First step is like this. (ignore the rare case that filepath.Walk() can't treat as well)

package gps

func ListPackages(fileRoot, importRoot string) (PackageTree, error) {
    // ...
    err = filepath.Walk(fileRoot, func(wp string, fi os.FileInfo, err error) error {
        fi, err = stat(wp)
    }
    // ...
}

func stat(path string) (os.FileInfo, error) {
    // promote the lines I've created until now
}

And, we try to replace filepath.Walk() with mystat and new walking function in second step (as an another issue).

ReSTARTR commented 7 years ago

I tried to promote the lines that reads symlink into readSymlink function. So, please take another look?

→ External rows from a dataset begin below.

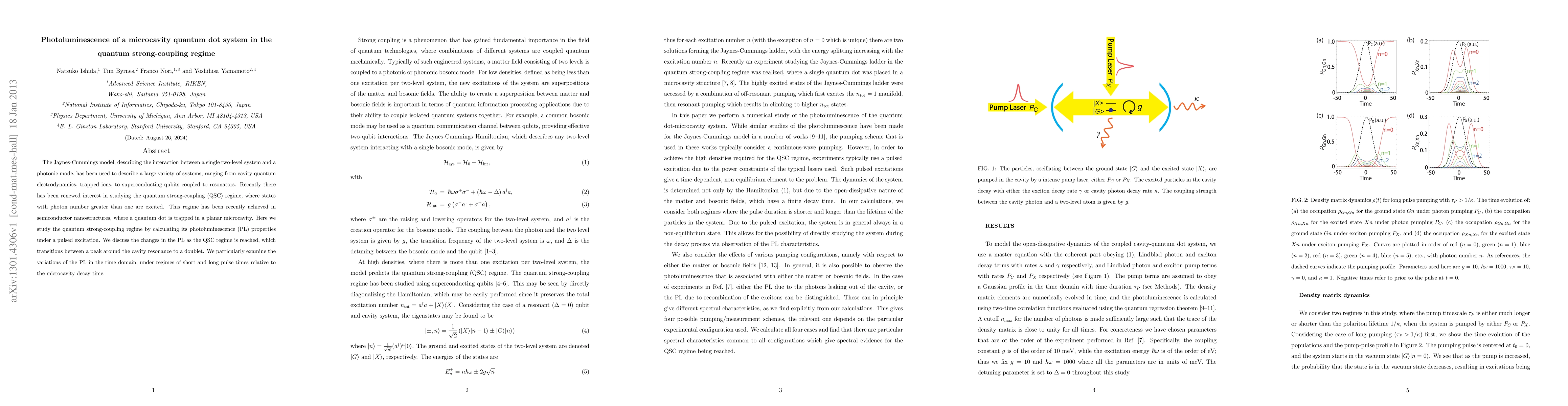 The Jaynes-Cummings model, describing the interaction between a single two-level system and a photonic mode, has been used to describe a large variety of systems, ranging from cavity quantum electrodynamics, trapped ions, to superconducting qubits coupled to resonators. Recently there has been renewed interest in studying the quantum strong-coupling (QSC) regime, where states with photon number greater than one are excited. This regime has been recently achieved in semiconductor nanostructures, where a quantum dot is trapped in a planar microcavity. Here we study the quantum strong-coupling regime by calculating its photoluminescence (PL) properties under a pulsed excitation. We discuss the changes in the PL as the QSC regime is reached, which transitions between a peak around the cavity resonance to a doublet. We particularly examine the variations of the PL in the time domain, under regimes of short and long pulse times relative to the microcavity decay time.
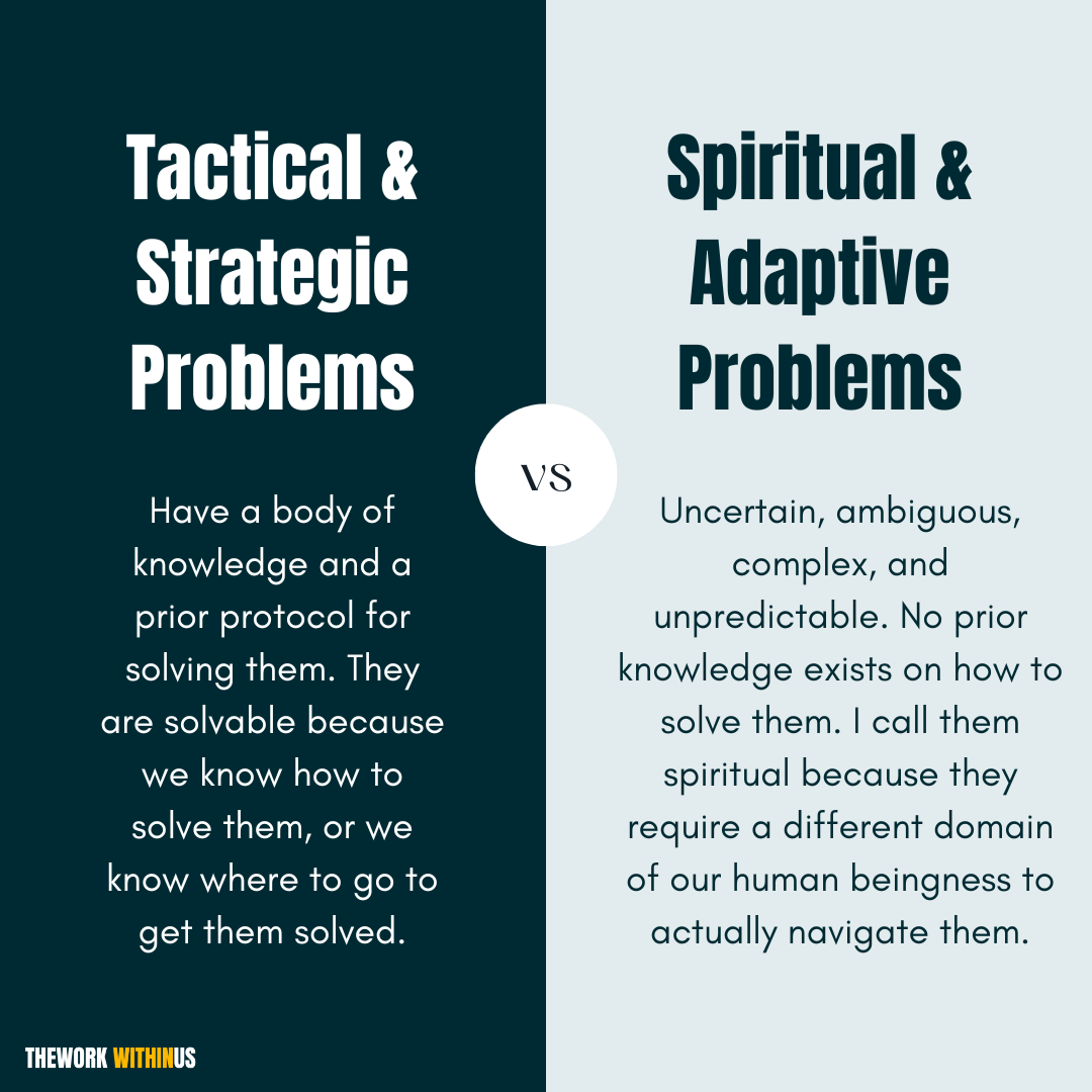 Adaptive/Spiritual Problems are uncertain, ambiguous, complex, and unpredictable. No prior knowledge exists on how to solve them. I call them spiritual because they require a different domain of our human beingness to actually navigate them.
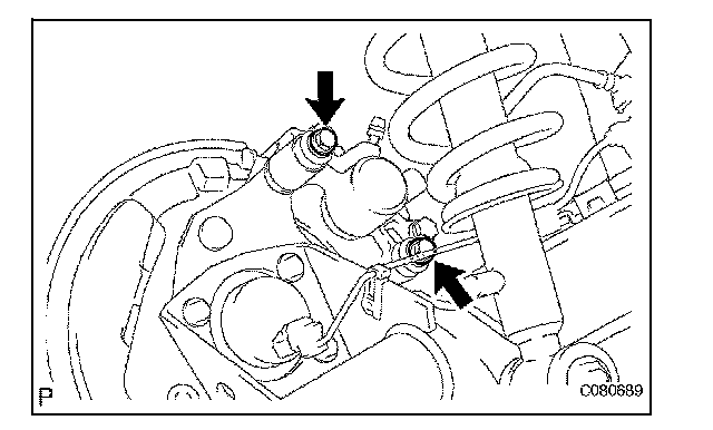 (a) Remove the union bolt and gasket from the disc brake cylinder, then disconnect the flexible hose from the disc brake cylinder.
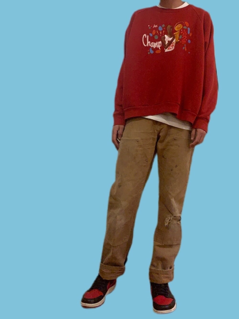 Sweatshirt has an acrylic portrait of Michael Jordan after winning the 1996 NBA Finals by my friend Renz Balagatas on it. Sneakers are 2015 Air Jordan 1 Lows in the Bred colorway.
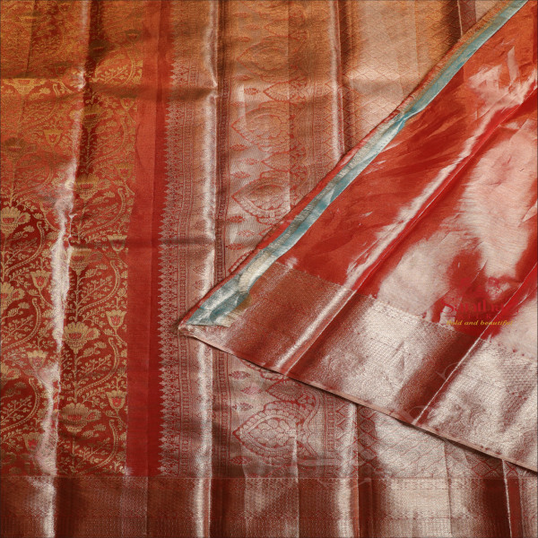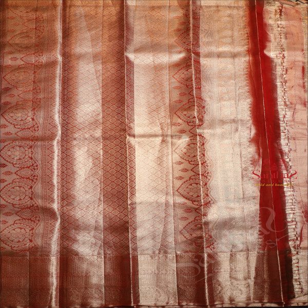 LIGHT RED COLOUR BODY WITH JACQUARD FLORAL EMBOSED WITH CONTRAST BLOUSE & BORDER
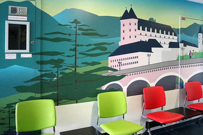 Parmi les projets financés grâce au soutien de Pena Kimio, notons la fresque murale qui égaye les murs du service oncologie situé au 4ème étage du site de Saint-Léon à Bayonne, l’installation de panneaux lumineux décoratifs sur les murs et plafonds dans plusieurs chambres de l’hôpital de jour, et très prochainement la pause d’une caméra en salle d’attente permettant à l’équipe d’être informée de la présence d’un patient.
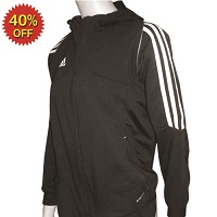 This product has been designed and constructed for the fit and comfort of the asian body. The Adidas logo is printed on the left chest. The 3 stripes trademark of Adidas is on the outer part of both sleeves. It has a zipper on front to close the jacket.
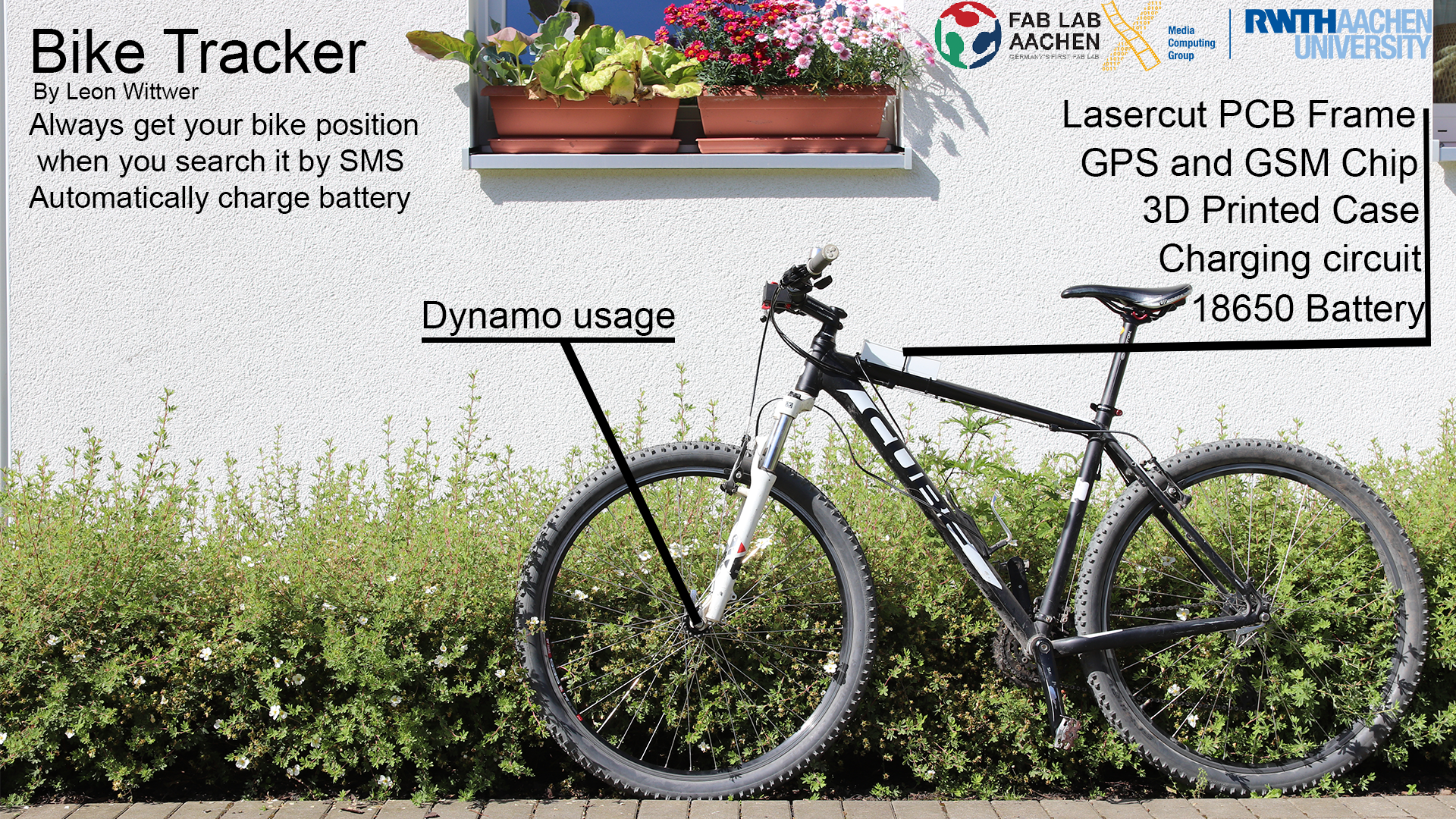 I really like my final project and will continue to work on it and use it in my everyday life, probably also putting it to bikes of my family to protect them from being stolen. But on the other hand, I do not plan to make it a commercially available product. This is because there are already products available on the market, for both parts of my project. There are devices who charge a battery/phone by the hub dynamo and there are bike trackers with a battery that lasts around a year. So for this, I can't file a patent, because I didn't do anything new. I also don't plan to produce and sell it.
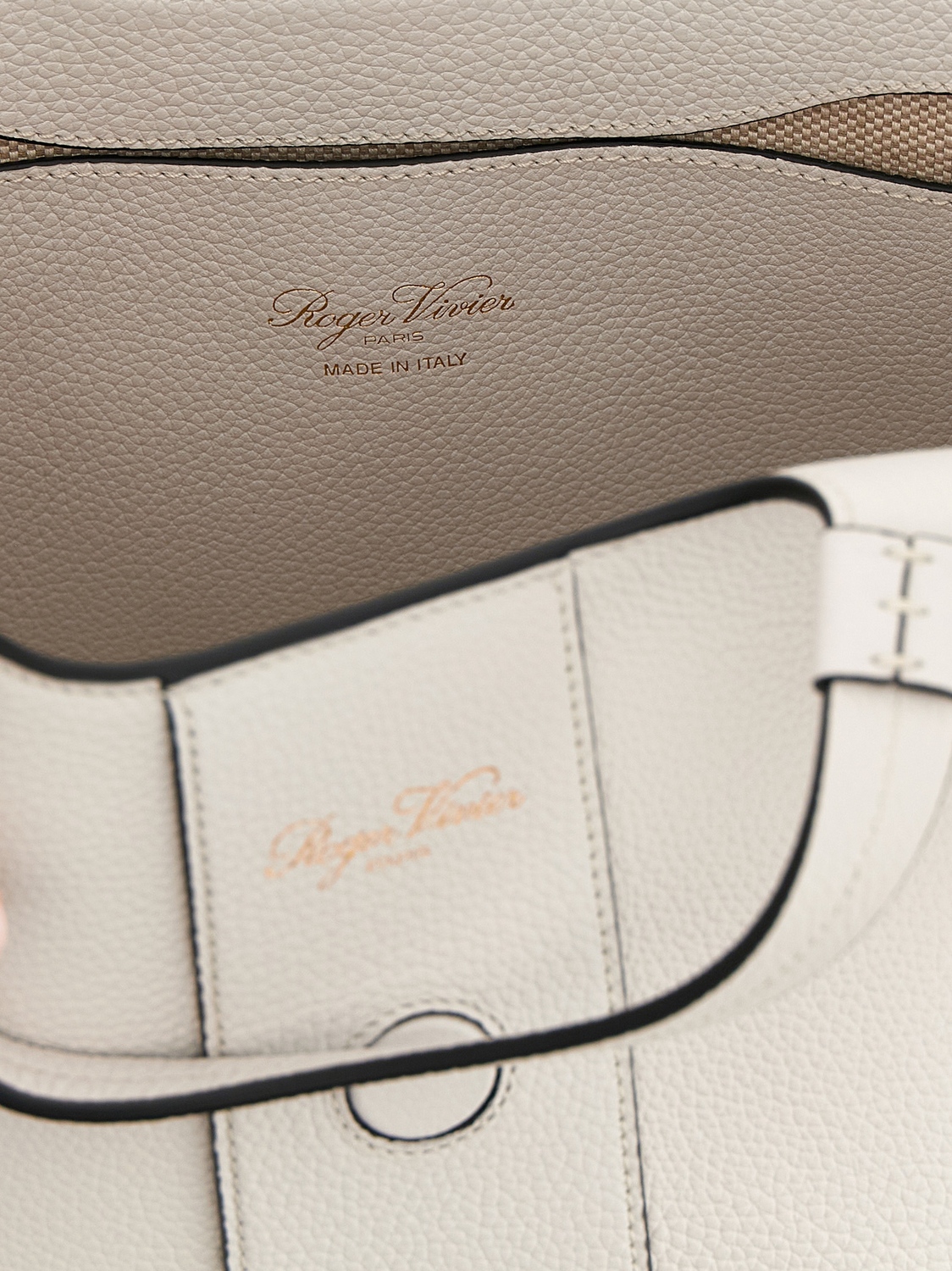Мини-шоппер из зернистой кожи, застежка на магнитной планке с металлической пряжкой 'Belle Vivier', двойная фиксированная ручка, жесткое основание с металлическими ножками, съемный плечевой ремень.
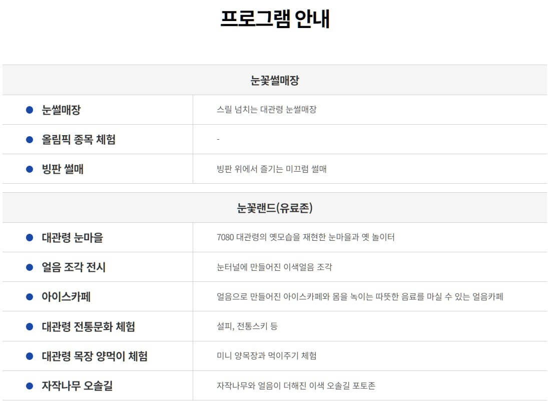 2024 대관령 눈꽃축제 가격 정보 예매방법 프로그램 소개 맛집 추천 3곳 무료셔틀버스 정보까지 출처 눈꽃축제 홈페이지
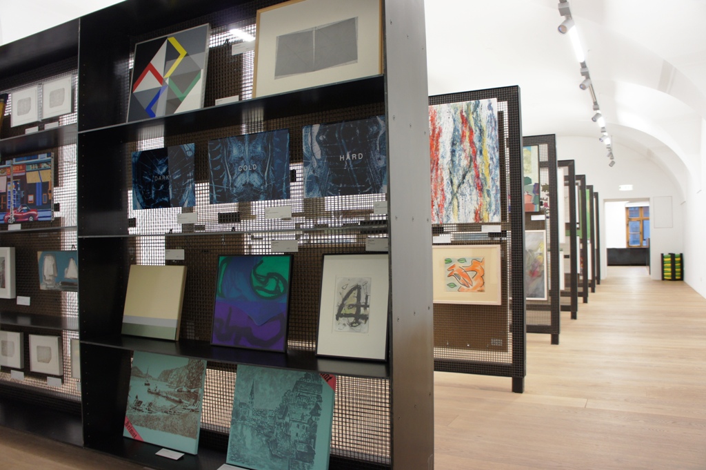 Die Kreidezeichnung mit dem dynamischen Skifahrer würde sich gut über der Couch machen, und die Ampelkühe bringen mit ihren kräftigen Lack- und Acrylfarben knallige Energie ins Büro: Die Artothek bietet rund 400 Werke zeitgenössischer Künstlerinnen und Künstler, um die eigenen vier Wänden und den Arbeitsplatz in eine mondäne Kunstgalerie zu verwandeln. Dicht gedrängt hängen die groß- und kleinformatigen Bilder in der Kunstsammlung im zweiten Stock des Ursulinenhofs. Etwa ein Drittel des Bestandes ist hier kostenlos zu sehen, der Rest ist entweder ausgeliehen oder im Depot, aber online vorbestellbar. Wie in einer Bibliothek kann man gegen Vorlage eines Lichtbildausweises bis zu vier Stücke ausleihen: Grafiken kosten 14 Euro für sechs Monate, Gemälde 56 Euro. Zudem gibt es Gutscheine in beliebiger Höhe als Geschenkidee für alle, die ihren Alltag mit moderner Kunst bereichern wollen.

I think that we should not replace filepath.Walk() at this time. Because it needs a big changes (As mentioned above.)

sdboyer commented 7 years ago

Ugh, sorry, I totally missed responding to your comment from three weeks ago. I read it, forgot to respond, but then it was out of my notifications so I didn't check back. But, the new changes you pushed look good.

I'm hesitant about merging this without addressing the bigger problem. gps is still in prerelease, but I'd be uncomfortable making a release with this problem only half-solved. And I have a bunch of other fixes I'm trying to fire out right now, then rapidly roll releases - having this only partially done would make that difficult.

I don't actually think the change is that bad, though. We just need to implement our own version of filepath.Walk(), which isn't a terribly complicated function. We can even hoist some of the logic from the current implementation that decides whether or not to visit a path up into the walker.

That said, I realize that is a larger change. If that's not something you're comfortable doing, that's no problem - we can merge as-is, and I'll make the necessary changes in a followup.

ReSTARTR commented 7 years ago

Thank you for checking!

I'm afraid that I don't fix that problem. But I thought that it might cause some conflicts with another changes ;-( (Though, I agree with the opinion that you mentioned)

So I'd be grad you to merge and make another changes. Could you please do it?

sdboyer commented 7 years ago

Yep, no problem - I'll merge, then take care of the rest.